┌──
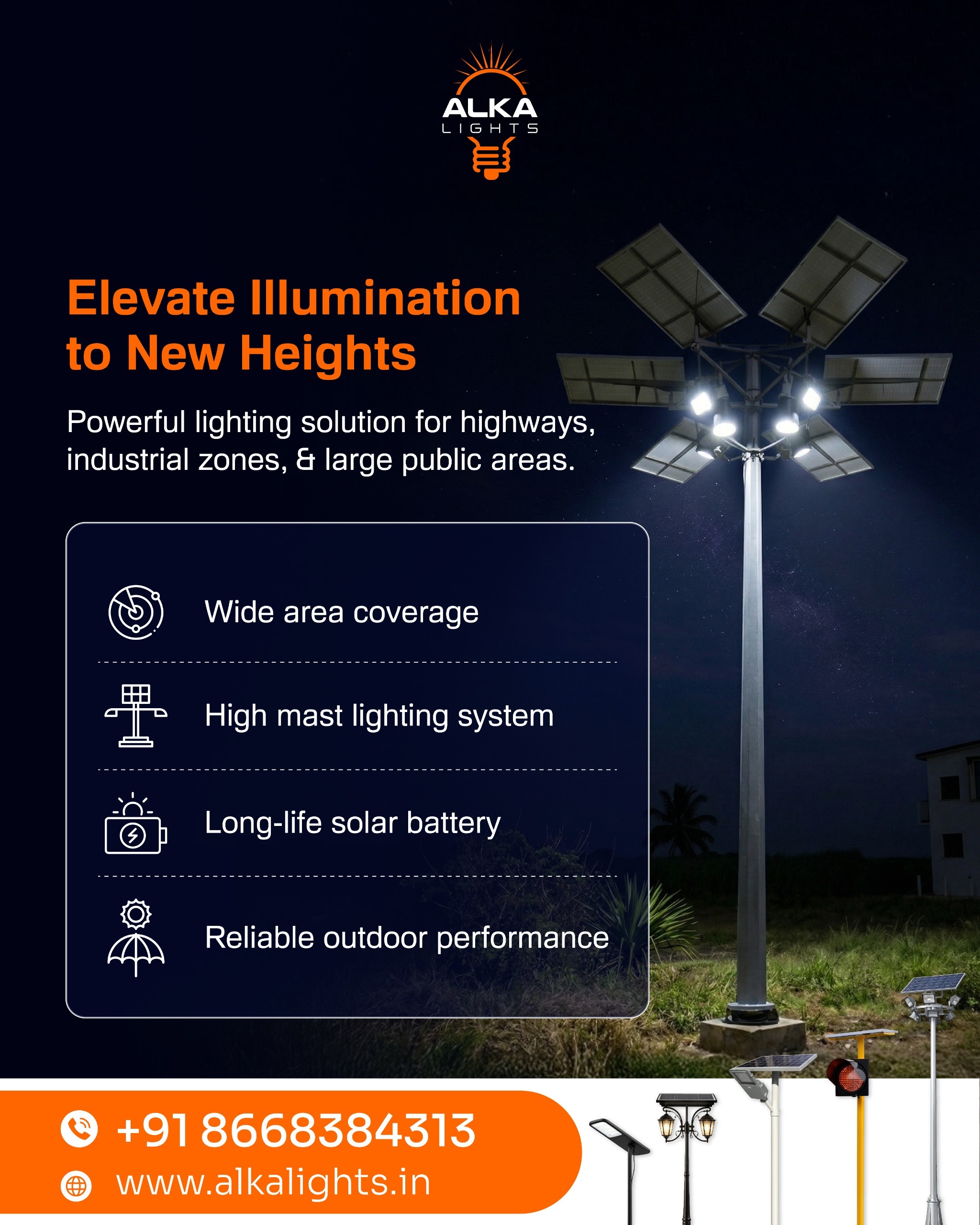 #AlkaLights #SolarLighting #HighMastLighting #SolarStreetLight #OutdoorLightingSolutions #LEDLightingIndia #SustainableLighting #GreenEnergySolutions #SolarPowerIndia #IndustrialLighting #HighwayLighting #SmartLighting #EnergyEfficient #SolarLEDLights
└──
┌──
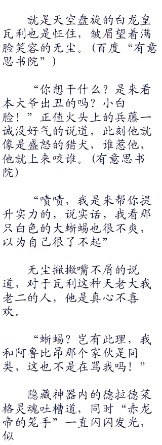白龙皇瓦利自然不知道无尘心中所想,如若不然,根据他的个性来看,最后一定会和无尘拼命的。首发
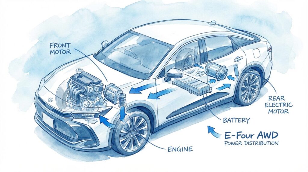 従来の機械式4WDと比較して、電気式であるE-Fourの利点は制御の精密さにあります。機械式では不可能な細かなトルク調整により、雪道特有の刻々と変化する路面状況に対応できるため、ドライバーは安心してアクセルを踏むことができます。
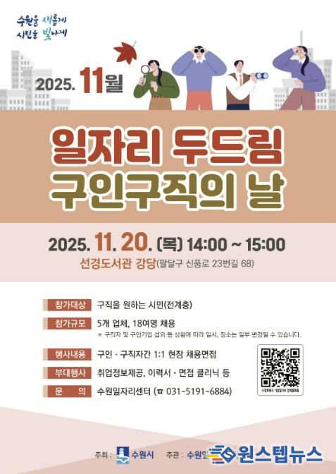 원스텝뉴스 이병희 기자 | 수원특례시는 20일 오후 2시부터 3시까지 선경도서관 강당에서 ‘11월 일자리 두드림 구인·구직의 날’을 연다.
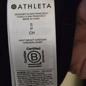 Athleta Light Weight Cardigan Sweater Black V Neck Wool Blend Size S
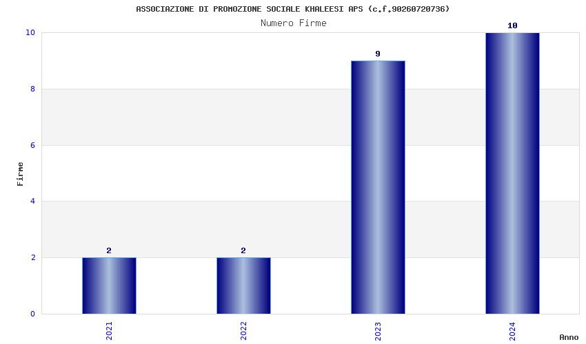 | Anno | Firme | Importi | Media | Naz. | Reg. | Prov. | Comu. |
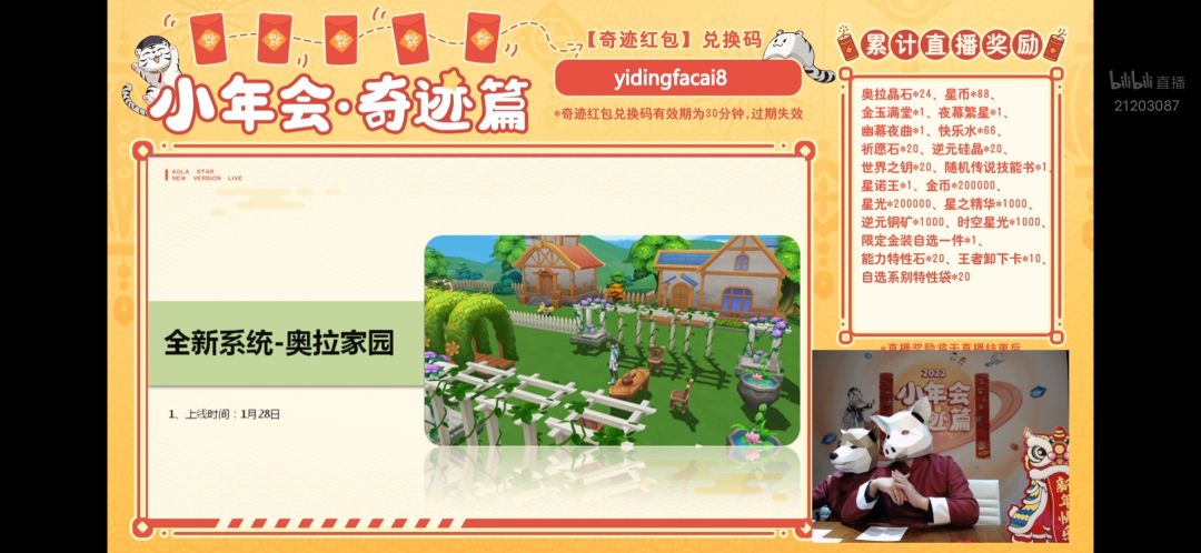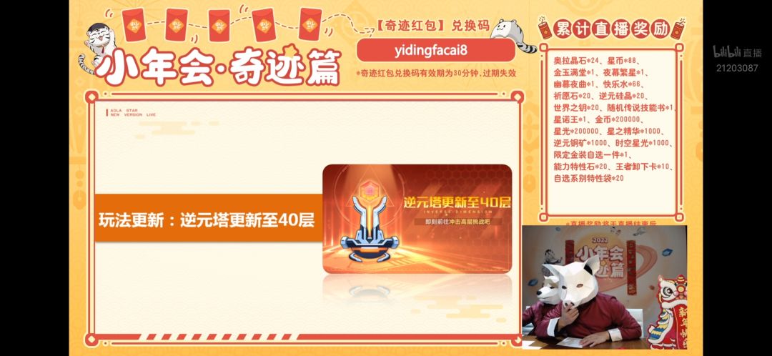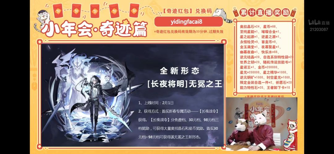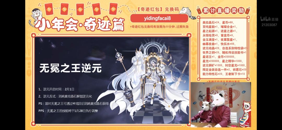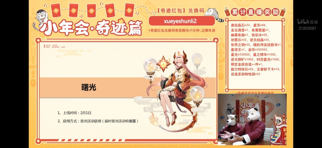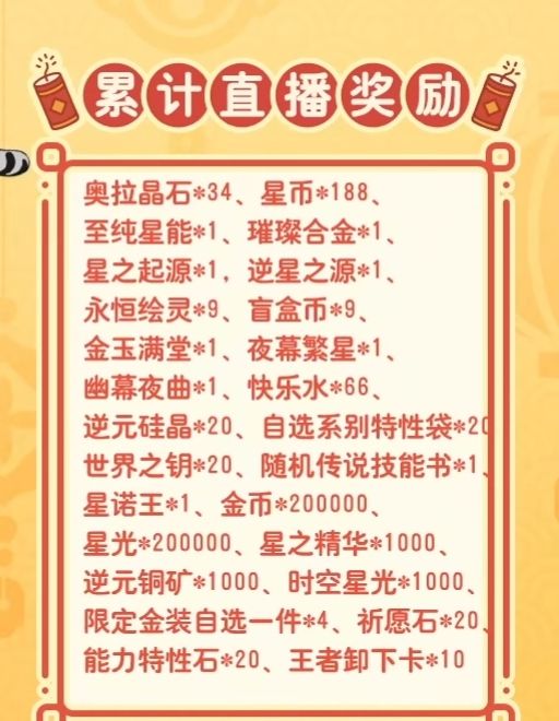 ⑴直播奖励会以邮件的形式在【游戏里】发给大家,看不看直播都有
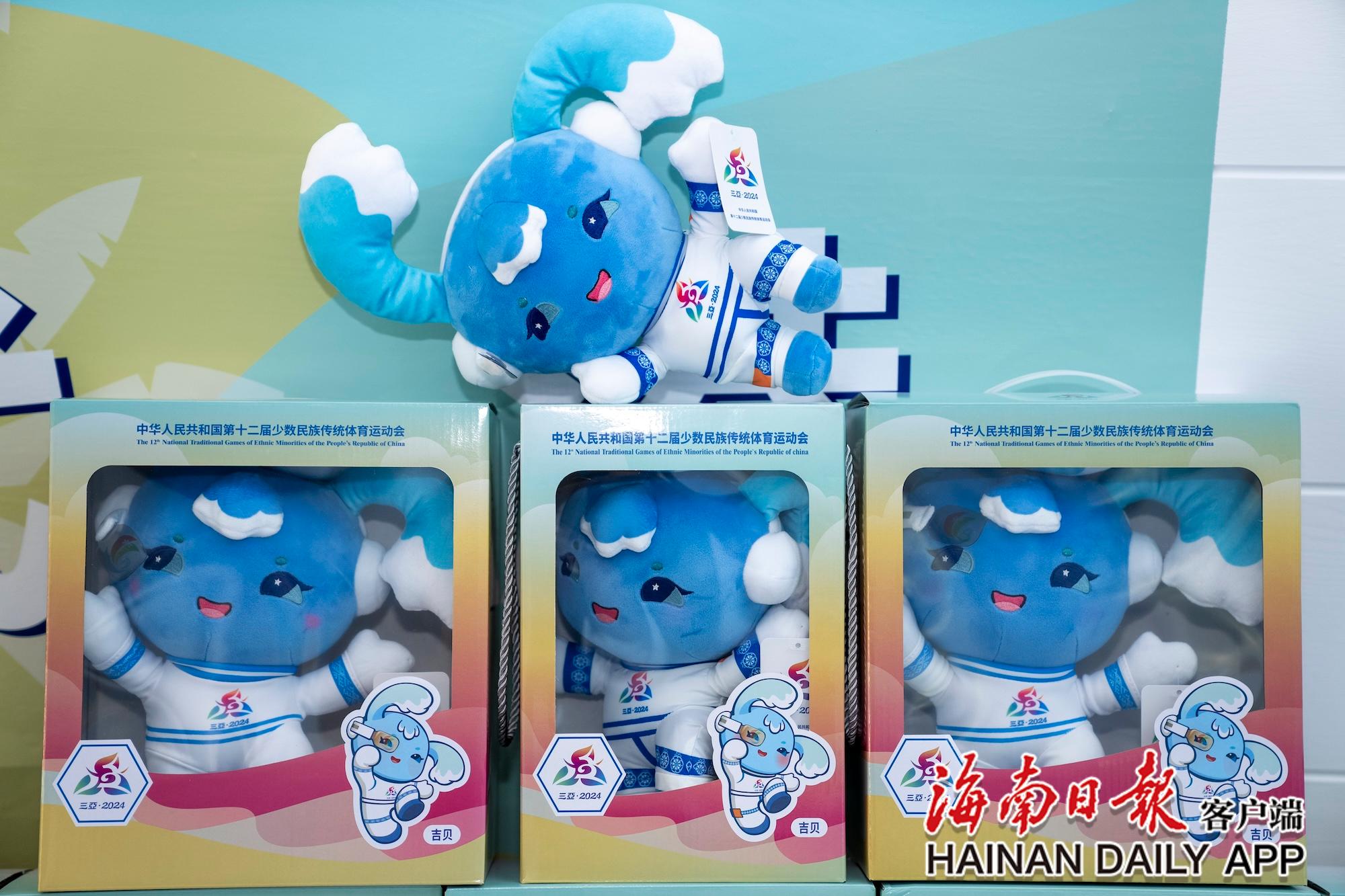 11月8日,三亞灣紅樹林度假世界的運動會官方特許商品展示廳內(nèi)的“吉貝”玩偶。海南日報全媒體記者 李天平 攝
└──
# About this task:
Lines from the one above containing "従来の機械式4WDと比較して" down to the one containing "⑴直播奖励会以邮件的形式在【游戏里】发给大家,看不看直播都有" should be transcribed exactly, with both ends kept and no pictures.

# Answer box:
 従来の機械式4WDと比較して、電気式であるE-Fourの利点は制御の精密さにあります。機械式では不可能な細かなトルク調整により、雪道特有の刻々と変化する路面状況に対応できるため、ドライバーは安心してアクセルを踏むことができます。
 원스텝뉴스 이병희 기자 | 수원특례시는 20일 오후 2시부터 3시까지 선경도서관 강당에서 ‘11월 일자리 두드림 구인·구직의 날’을 연다.
 Athleta Light Weight Cardigan Sweater Black V Neck Wool Blend Size S
 | Anno | Firme | Importi | Media | Naz. | Reg. | Prov. | Comu. |
 ⑴直播奖励会以邮件的形式在【游戏里】发给大家,看不看直播都有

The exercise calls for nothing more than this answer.